Friday, November 19, 2004

Column by Anne Applebaum of The Washington Post

Dear Colleagues:

I recently read a column in The Washington Post by Anne Applebaum, The Post writer who won the 2004 Pulitzer Prize for nonfiction for GULAG: A History. Applebaum’s column relates to our latest war, in Iraq. It is so trenchant that I have attached it so that readers of this blog, most of whom may not see The Post, will have a chance to read it.*

*If you wish to respond to this email/blog, please email your response to me at velvel@mslaw.edu. Your response may be posted on the blog if you have no objection; please tell me if you do object.

A German Lesson for Remaking Iraq
By Anne Applebaum
Wednesday, November 10, 2004;
Page A27

Yesterday Germans celebrated the 15th anniversary of the fall of the Berlin Wall. Or, to put it differently, yesterday Germans marked 15 years of what has been the most peaceful, most comfortable, most orderly transition from totalitarianism to democracy ever -- the polar opposite of the transition now taking place (if it is taking place) in Iraq. There was no violence, no unrest. There was no looting or pillaging.

There wasn't even much shouting. In fact, the odd thing about Berlin, 15 years ago this evening, was how quiet it was. When I arrived in the city, after driving all day and much of the night, the champagne corks had all been popped. There was a big, tipsy crowd of West Germans sitting on a small section of the Wall near the Brandenburg Gate, occasionally taunting the guards, but not doing much else. There were East Germans milling around McDonald's in West Berlin, looking scared. The eastern half of the city was eerily dark.

I was not the only one who found it odd. At a dinner given in her honor this week, Marianne Birthler, a former East German dissident who runs the archives of the Stasi, the East German secret police, agreed that, in retrospect, the peace that followed the fall of the Wall seems almost incomprehensible. By way of illustration, she told the story of a woman in Mecklenburg who learned, after the Wall fell, that the citizens of other East German towns had occupied their local Stasi headquarters.

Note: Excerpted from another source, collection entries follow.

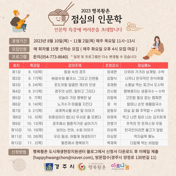 [오마이경주/경주시민신문=김경미기자] 경주시는 경주역 동편 도시재생뉴딜사업의 일환으로 ‘점심의 인문학’ 프로그램을 오는 10일 황오동 사랑채와 황촌 정지간에서 개강한다고 6일 밝혔다.
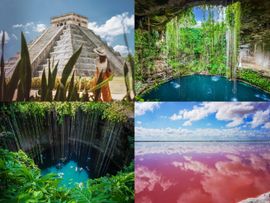 グランセノーテ+チチェン・イッツァ+セノーテイキル+ピンクレイク又はバジャドリード観光 カンクン4大観光地1日周遊ツアー<日本人ガイド/昼食・送迎付き>
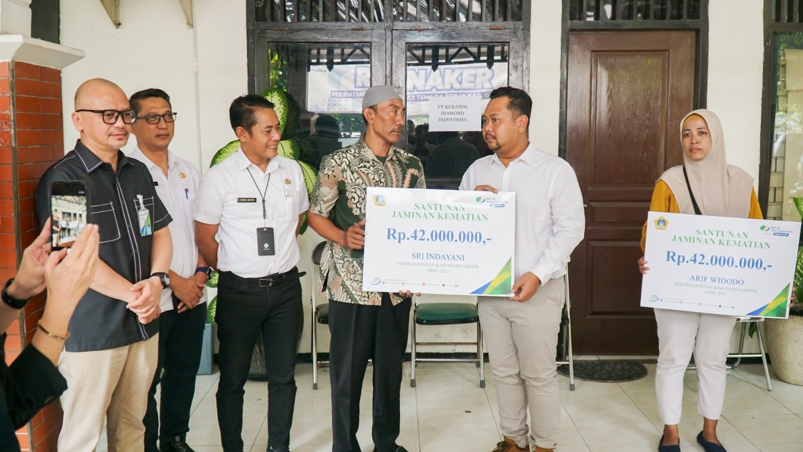 Dalam kesempatan yang sama, Bupati Yani juga menyerahkan Santunan Jaminan Kematian BPJS Ketenagakerjaan kepada dua ahli waris pekerja rentan Kabupaten Gresik yang dibiayai melalui APBD 2025. Santunan masing-masing sebesar Rp42.000.000 diserahkan kepada ahli waris almarhum Arif Widodo dan almarhumah Sri Indayani.

Since everyone else in Mecklenburg was otherwise occupied -- people still had to go to work, take care of children, clean the house -- the woman walked up to her local Stasi headquarters alone, knocked on the door, and said she would like to occupy the building. The guard solemnly handed over his pistol, gave her the keys and let her in.

In the years afterward, the West German government built on the peaceful revolution with an unprecedented transfer of wealth. The East Germans received roads, infrastructure, welfare benefits and investment. While the rest of Eastern Europe struggled with new constitutions, amateurish bureaucrats and fly-by-night political parties, East Germans were simply handed the West German legal system, the West German political system and the West German civil service on a plate.

And yet despite all of that, there are those who feel, more strongly than ever, that the transition has been disastrous. As Birthler put it, the "honeymoon" is long over -- if it ever started. Fifteen years later, not only do easterners feel disenfranchised, nearly one in five tells pollsters that they wish the Wall had never come down. East Germany remains poorer, unhealthier and unhappier than the western half of the country. East Germans remain more prone to political extremism. The neo-communist political party has recently made a stunning comeback in regional elections, and neo-Nazi parties do well in the East too.

The lesson of the East German transition after 15 years should, in other words, be phrased as a warning: Even if it is possible to get every political and economic element right, even if it is possible to avoid violence entirely, the psychological transition to liberal democracy from a regime ruled by fear is one that takes at least one generation, if not two. Few people are able to walk from a closed society into an open one without self-doubt and discomfort. Few people find it easy to readjust their thinking overnight, even if they want to. Few people are able to look at themselves in the mirror, tell themselves that the first few decades of their lives were all a bad mistake, and go out and start living new lives according to new rules. It was no accident, a wise teacher once told me, that God made the Israelites wander in the desert for 40 years before bringing them to the promised land: That was how long it would take them to unlearn the mental habits of Egyptian slavery.

In a week in which U.S. and Iraqi soldiers are fighting one of the bloodiest and most difficult battles of the whole Iraqi conflict, it doesn't sound terribly comforting to write that "these things take a long time." But they do, and for Americans accustomed to fast results, it can't be repeated often enough: East Germany is proof that it is possible to do everything right and still leave millions of people feeling cheated by liberation many years later. I don't know whether Iraq will ever be a "success," but even if it is, we may not know for several decades. If it was a grave misjudgment to ignore that fact before the Iraqi war began, it would be no less catastrophic to do so now.